The Rhetoric of Fetal Rights in the American Abortion Debate

Over the years, anti-abortion advocates have tried to empower the fetus instead of the woman. In 1973, the United States Supreme Court legalized abortion. The Supreme Court ruled that abortion should fall under a woman’s right to privacy and that abortion should therefore be legal and available for all women. During the court case the respondents (Wade) used the rhetoric of fetal rights in order to strengthen their anti-abortion case. They wanted the court to accept the idea that life begins at conception because then they could argue that if the law protects all life, it should also protect the life of the fetus in the mother’s womb and abortion should then be illegal. During the hearings, visual imagery, such as pictures of the development of the fetus, was used to support the respondents’ case. 100 The legalization of abortion after Roe v. Wade meant a victory for pro-choice advocates but it is also a key historic moment for the anti-abortion movement because of the backlash it caused. Immediately after the Roe v. Wade ruling, anti-abortion supporters called for its repeal and now, forty years later, that call has only intensified.
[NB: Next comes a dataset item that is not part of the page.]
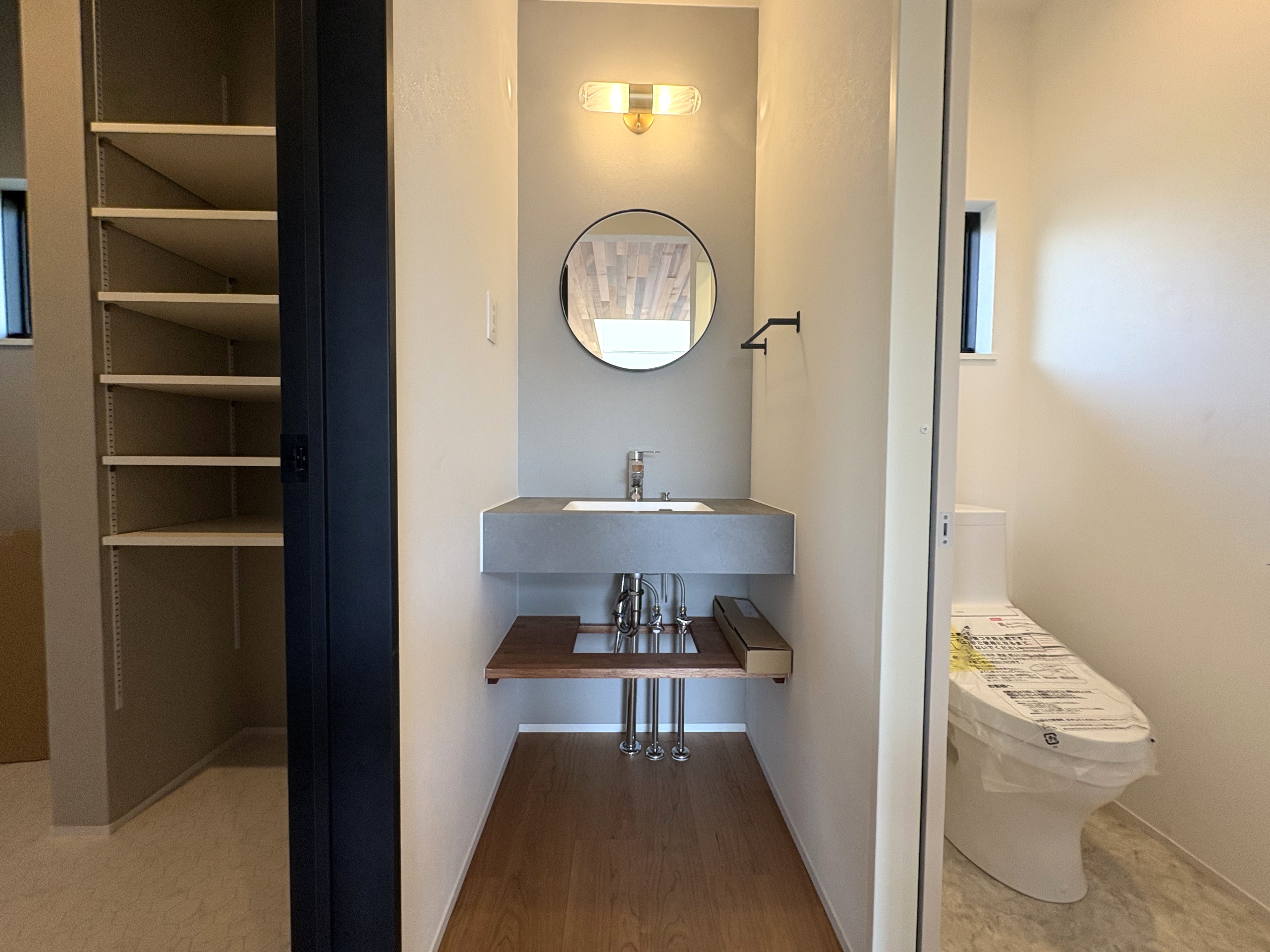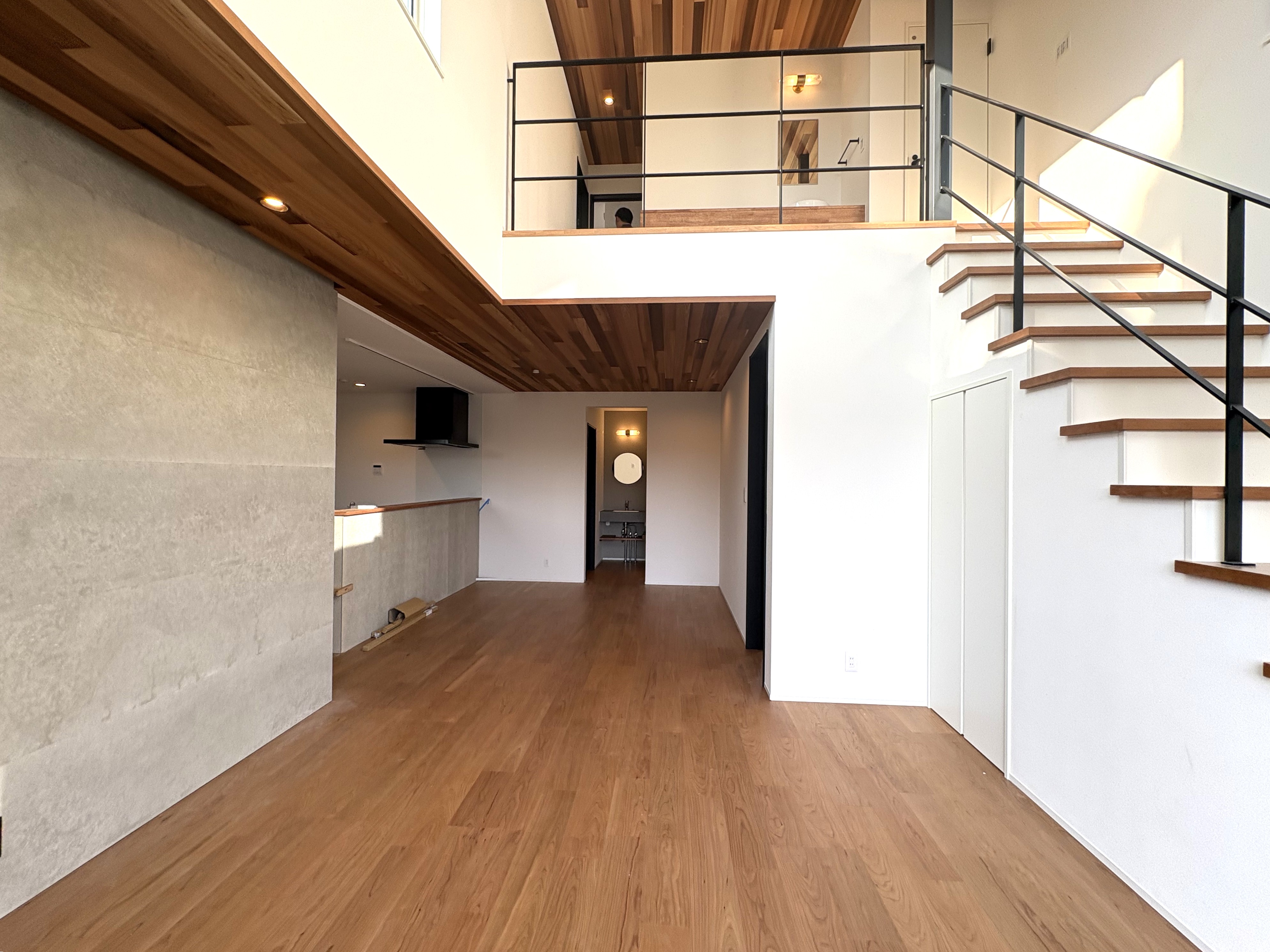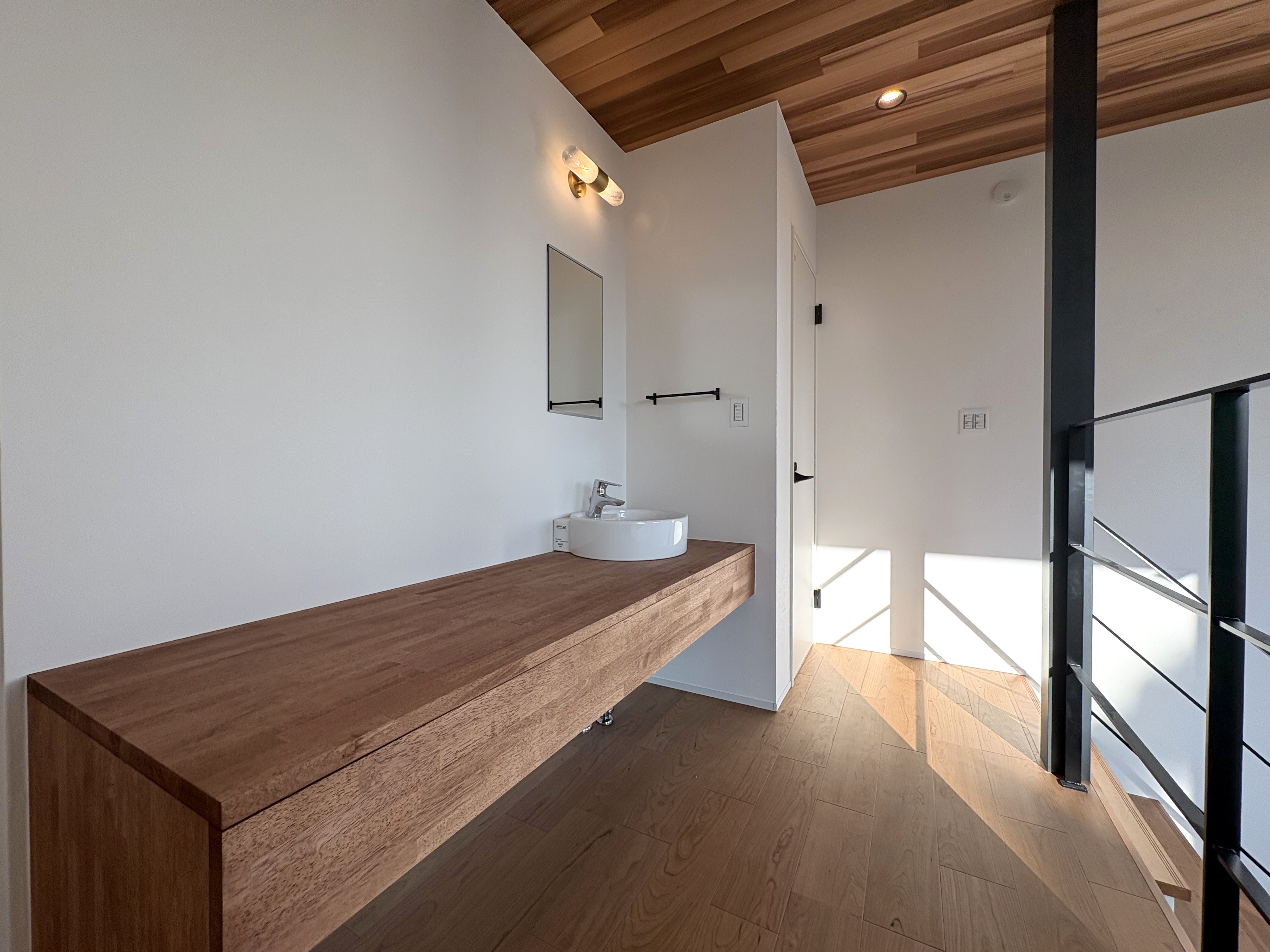 階段を上がった先に便利な洗面台やワークスペースが配置されています。

Since 1973, there have been multiple court cases in which fetal rights were part of the reasoning. In 1975, for instance, there was the Edelin trial in Boston. In this trial dr. Kenneth Edelin was prosecuted for manslaughter after performing an abortion even though by then, abortion had been legal for two years. In this case, the respondents claimed the fetus was no other than a human being, both under the law and under the microscope.101 Then, in 1981, Jessie Mae Jefferson became the first American woman to have a court-ordered C-section when temporary custody of her unborn child was granted to the Department of Human Resources.102 These cases were based on the

decision that fetal rights are more important than the rights of the mother.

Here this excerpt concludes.